Recently, it was announced that the next version of JavaScript (ES2016) will be comprised of a very small feature set, namely Array.prototype.includes (which determines whether a specific value is included in an array or not) and the exponentiation operator (which raises a number to the power of an exponent). Considering the plethora of new features introduced by ES6, some people might be surprised at exactly how small a release ES2016 will be. Others, on the other hand, may be happy that there are only two new features to learn—a manageable goal by most people’s standards.
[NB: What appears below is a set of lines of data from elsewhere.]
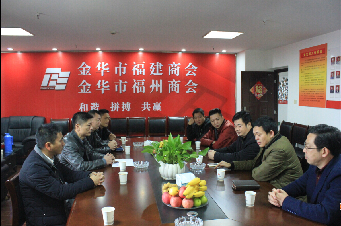2015年12月9日金华市工商联章国标副主席、许国鲜副主席一行三人到金华市福建商会进行异地商会发展经验的工作交流。福建商会会长黄昭云、常务副会长陈永强、支部书记张上树、副会长洪维浅、何福昌热情接待,陪同参观我会办公环境并逐一介绍商会各部门及工作进展。参观完毕后,在商会会议室开展了简短的工作会议,两位领导对我会各项工作的开展给予了高度认可,并表示对未来的商会前景非常看好。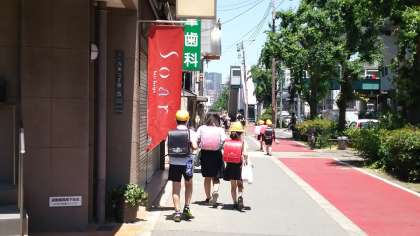 ※写真は本日の下校風景です。左の写真の自転車(後ろ姿)の方は西警察署のスクールサポーターの方です。朝も校区内を巡視していただきました。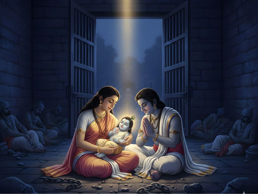 On the sacred night of Janmashtami, Lord Krishna appeared in the prison of Mathura to Devaki and Vasudev. Divine light filled the cell, chains broke, and guards fell into deep sleep. Carrying newborn Krishna across the stormy Yamuna, Vasudev reached Gokul, where Krishna was lovingly raised by Yashoda and Nanda Baba. A soft divine glow spread through the prison, filling the hearts of Devaki and Vasudev with peace. At that sacred moment, it felt as if all sorrow had ended and hope was born with the child.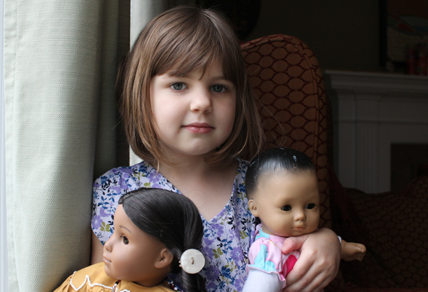 After a visit to the two first-grade classrooms in the school, we headed to the gym to check out the activities there. During our look around, Miss Blue Eyes looked up and me and informed me that we needed to go back up to the classrooms. She needed to meet the teachers again. And she needed to look around more. I could see her distress. It’s the same distress she has when she has trouble dressing her dolls, or Cliff destroys her carefully arranged menagerie. But — the big difference was — it was real. And I felt for her.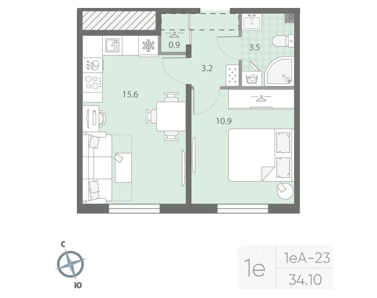 Продается 1-комнатная квартира в ЖК "Дыбенко Парк" на 11 этаже. Общая площадь составляет 34.10 кв. м. Квартира с чистовой отделкой. Жилой комплекс располагается по адресу Санкт-Петербург, проспект Товарищеский.

While ES2016 being so small caused a few raised eyebrows, it also highlighted another issue—that the Array.prototype.includes method was originally going to be named Array.prototype.contains, but it turns out that this name is not web-compatible (read it would have clashed with the MooTools library, potentially resulting in many broken websites).

And so it was renamed.

What we’re asking today is whether it is a good thing for the community to be driving the direction of the language like this, or whether it’s “kinda whack” that the spec was changed because of a library conflict. Two of our authors (Moritz and Tim) take opposing viewpoints on this issue.

Tim: the Spec Should Rule, Libraries Should Obey

If you ignore its quirks, JavaScript is easy to grasp and really flexible—it makes a great first language. It also makes a great second language. Many developers I know had history programming in other languages prior to writing JavaScript, and with Node becoming increasingly stable and better, I believe many others will follow.

It seems the programming world disagrees on naming a method to check whether an array item or substring exists in an array or string. C# and Java have .contains() for array-like and string classes, Ruby has .include?(), Python has the in-operator and PHP has the in_array() and strstr() functions. It’s kind of a mess. In JavaScript-land however, there’s jQuery, Underscore, MooTools and a bunch of other frameworks/libraries that all have .contains(). Perhaps we can speak of a little convention going on here.

If they intend to take old libraries into account when naming APIs, I fear this is only the beginning of super weird names

I get the philosophy that changes may break many websites and/or apps, but we have to realise that with the diversity of existing libraries, breaking changes will occur. I hate the thought we are willing to make design choices to dodge one bullet. It’s not that I disagree with the chosen name, but this philosophy may lead to bad design choices in the future if it may break 1% of the web because of bad design choices on their part.